# pooping all over me



## doxielover (Apr 2, 2012)

I recently got two male rats. I used to have rats but I have not had any in 11 years. My boy is about 5 weeks old. When I try to hold him he continually poops all over me. When I first take him out I put him on a paper towel so he pees and poops a few times. He will sit on my shoulder under my shirt and just sits there. Problem is everytime he moves he poops and it is pretty gross. I don't remember this being such a big issue when I had rats before. My sons who is a week older does not poop like mine. Any tricks or is this something that goes away?


----------



## moonkissed (Dec 26, 2011)

Rats will poop when they are nervous and scared. Once he gets more used to you and calms down it will end. You just gotta give it time lol. 

I would wait on having him sit on your shoulder just yet lol eww. But you can take him out in a controlled area like a bed, chair, table top, bathub, etc... and lay down a towel. Just sit and talk to him and pet him until he learns you and the big world around you are not so scary. You could also get a bonding pouch/bag though if he is pooping it might get him all messy too. 

All rats are different too. My girl Willow like never had this issue but Sookie would poop quite a bit at first. Like after a few days maybe a week she was fine.

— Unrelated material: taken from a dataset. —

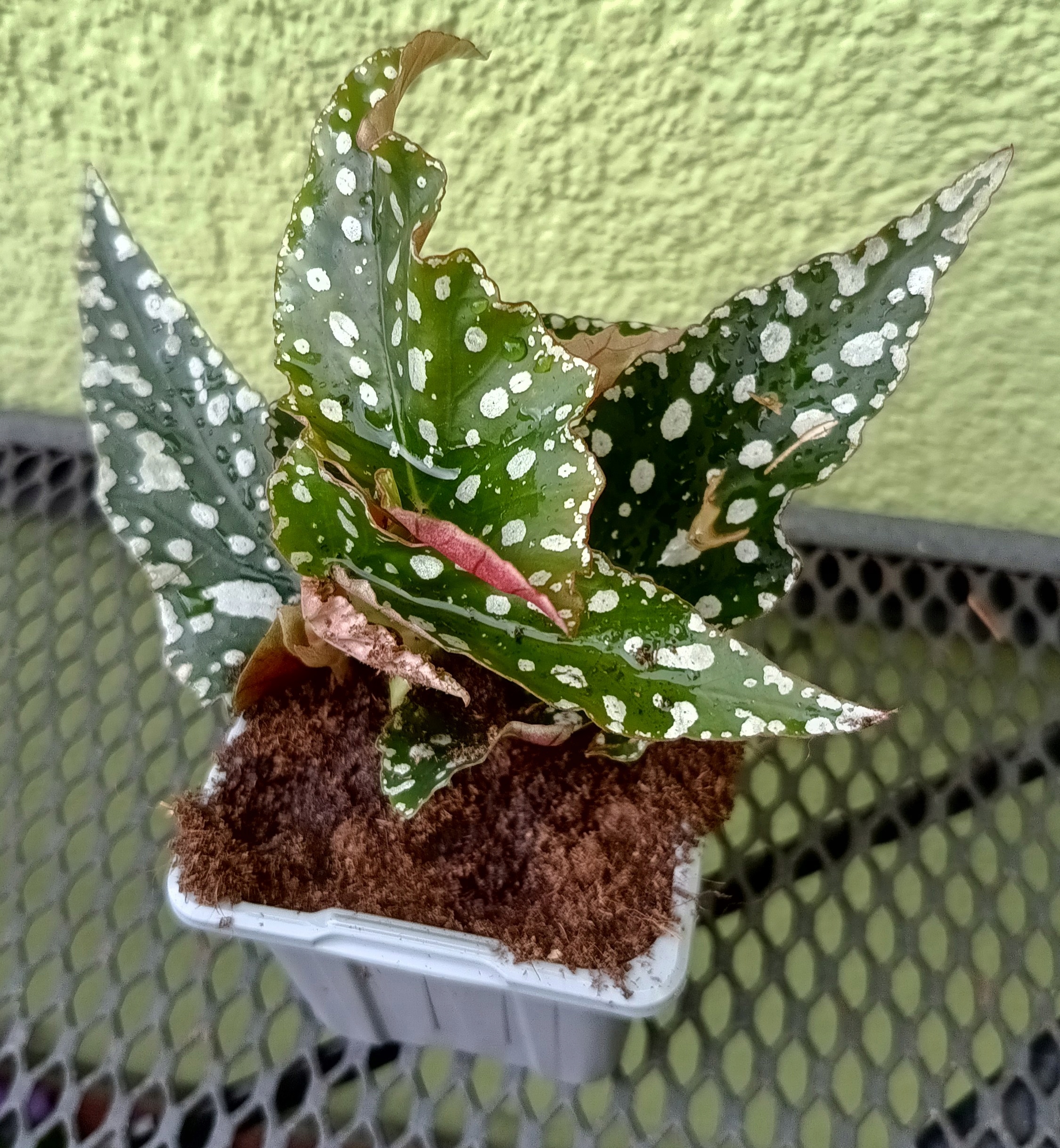 Бегонія коралова, бегонія плямиста - вид рослин родини бегонієвих. Ареал охоплює південь Бразилії та провінцію Місьйонес в Аргентині. Сорт «Люцерна» широко культивується і вважається одним з найбільш стійких і в той же час декоративних як листя, так і квіток. Легко вирощувати. У Польщі її вирощують як декоративну горшкову рослину в будинках і квартирах. Відноситься до групи бегоній з декоративним листям і квітками. Це багаторічна рослина, її можна вирощувати багато років, але при вирощуванні в квартирі любить повітряний легкий ґрунт. Найкраще підійде звичайна торф’яна земля. Для цього потрібна мінімальна температура 13 °C взимку і 15 °C влітку. Зберігати його потрібно в добре освітленому місці, але не на прямому сонці. Добре росте в маленькому горщику, але якщо йому стає тісно, навесні рослину слід пересадити в горщик на розмір більше. Поливати слід водою без кальцію, не змочуючи листя; влітку двічі на тиждень, взимку кожні 7–10 днів. З квітня по вересень слід підгодовувати рослину розведеним багатокомпонентним добривом. При надмірній сухості повітря листя необхідно окропити. Якщо пагони надмірно витягуються і не розгалужуються, слід обрізати верхівки росту – тоді рослина буде більше гілкуватися. Не просвічуйте листя.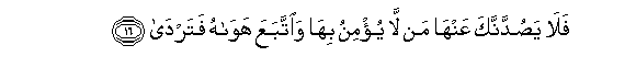 16. Fala yasuddannaka AAanha man la yu/minu biha waittabaAAa hawahu fatarda

Just make sure to keep up interaction with them daily to build up the bond.


----------



## therathugger (Feb 9, 2012)

I have gotten rats recently and I find myself covered in pee and poop I think they just arent used to me. A few select times they are fine the only problem for me is my dryer just broke so I can wash my pee/poop clothes. But yeah just give it sometime and I bet they will be fine.


----------



## doxielover (Apr 2, 2012)

Thanks for the advice. The bonding pouch sounds like a good idea. I have tried treats yogurt but he does not take anything from me. Glad to know it will hopefully lessen with time it is quite disgusting.


----------



## binkyhoo (Sep 28, 2008)

I agree, it will decrease with time. My new babes pooped up a storm at first. Now at 3 or 4 month it has been much less if even at all.


----------



## Iheartroxyrat (Feb 22, 2012)

my male still poops on me but its alot less and its if he doesnt get a potty break in his cage or litter box lol


----------



## doxielover (Apr 2, 2012)

I had always had females before maybe they don't do it as much.


----------



## therathugger (Feb 9, 2012)

Naw I bet its the same. Oh helpful tip: have pet stain removers on hand, you have no idea how useful I find this. (I let my rats roam the floor sometimes and furniture)
Good luck!


----------



## kamii (Mar 14, 2012)

Nope, my female poops everywhere and wont take treats either XD haha. Sounds like typical nervousness


----------



## doxielover (Apr 2, 2012)

I put a towl down and let him roam. He pooped less but pretty much stayed on the opposite end of the couch. My son's on the other hand hung around me the whole time.


----------